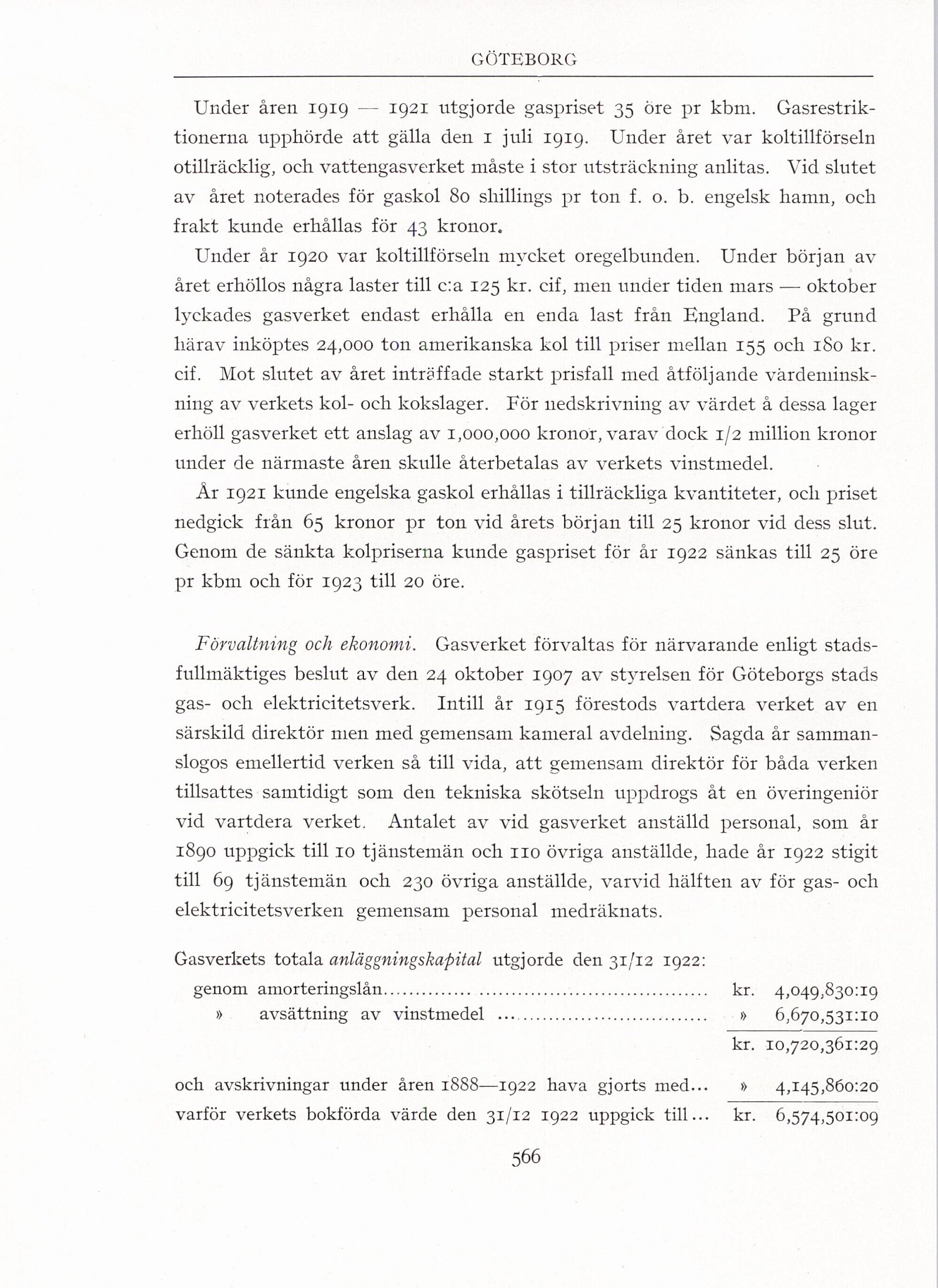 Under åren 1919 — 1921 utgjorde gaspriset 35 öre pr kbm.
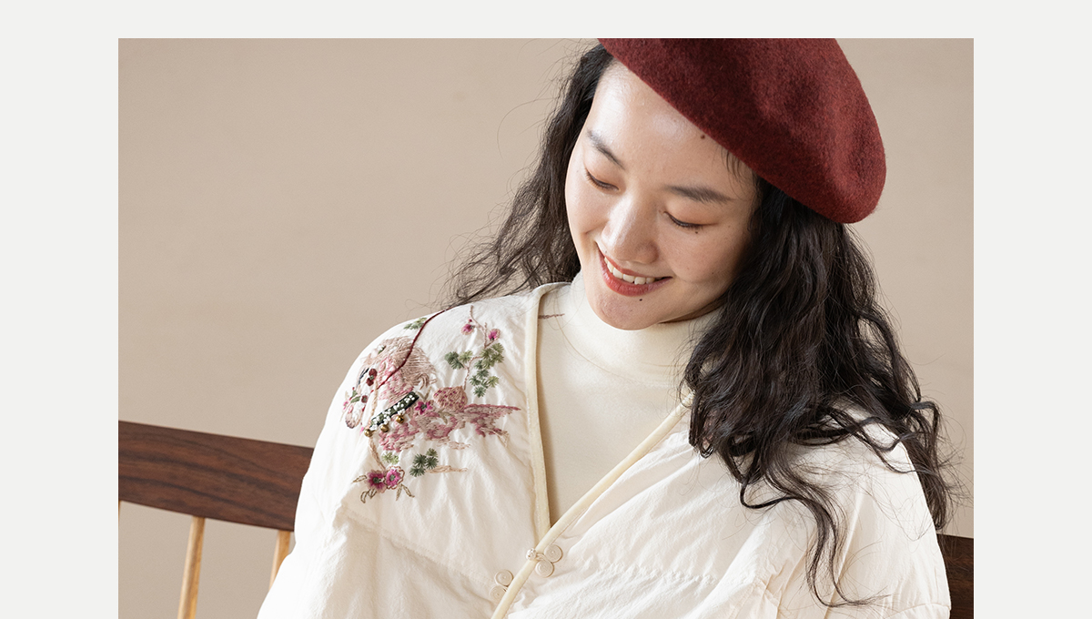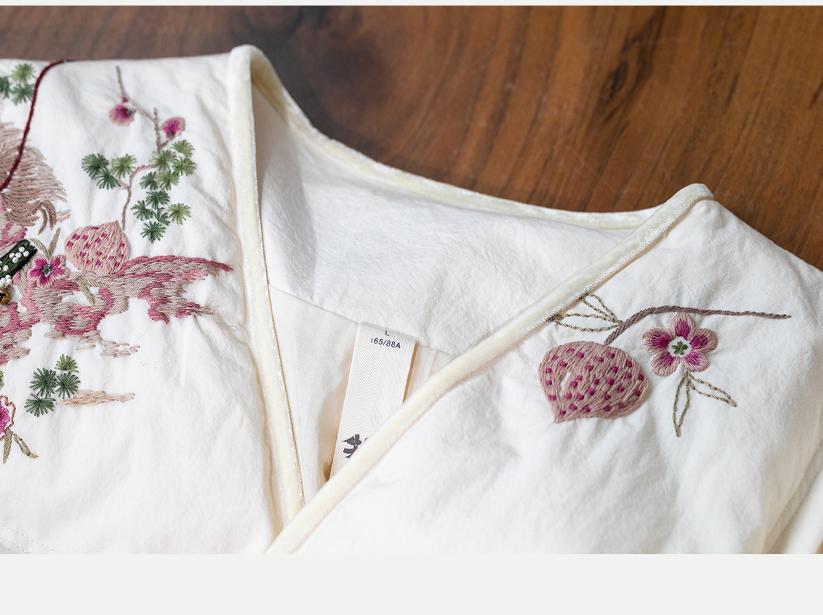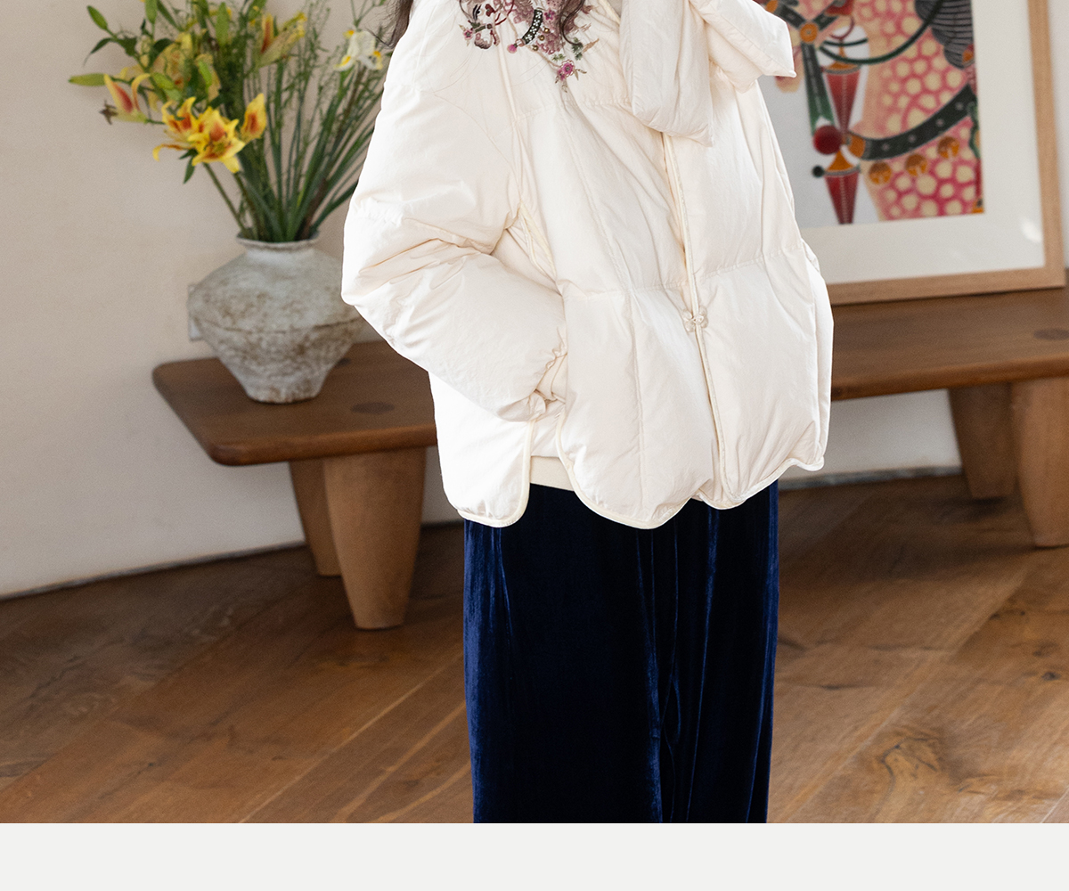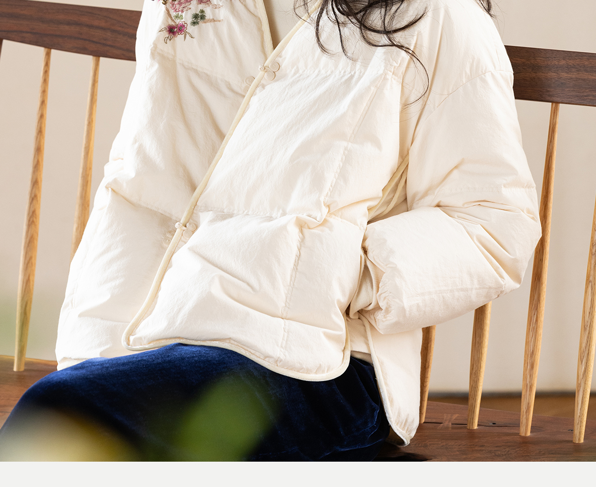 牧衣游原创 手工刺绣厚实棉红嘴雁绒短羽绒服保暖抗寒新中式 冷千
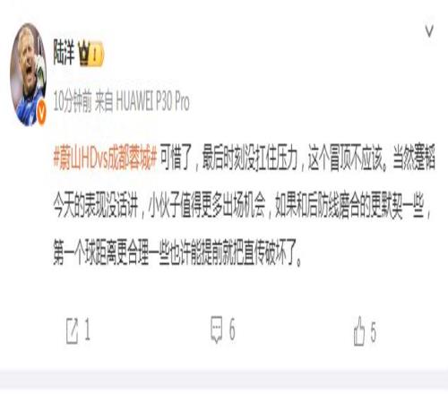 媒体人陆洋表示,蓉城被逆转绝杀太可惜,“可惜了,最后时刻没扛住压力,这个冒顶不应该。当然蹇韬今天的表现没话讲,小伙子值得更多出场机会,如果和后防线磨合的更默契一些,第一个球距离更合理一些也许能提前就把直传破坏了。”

> Work task
From the first line to the last, copy the listing above exactly and leave out the images.

> Response
 Under åren 1919 — 1921 utgjorde gaspriset 35 öre pr kbm.
 牧衣游原创 手工刺绣厚实棉红嘴雁绒短羽绒服保暖抗寒新中式 冷千
 媒体人陆洋表示,蓉城被逆转绝杀太可惜,“可惜了,最后时刻没扛住压力,这个冒顶不应该。当然蹇韬今天的表现没话讲,小伙子值得更多出场机会,如果和后防线磨合的更默契一些,第一个球距离更合理一些也许能提前就把直传破坏了。”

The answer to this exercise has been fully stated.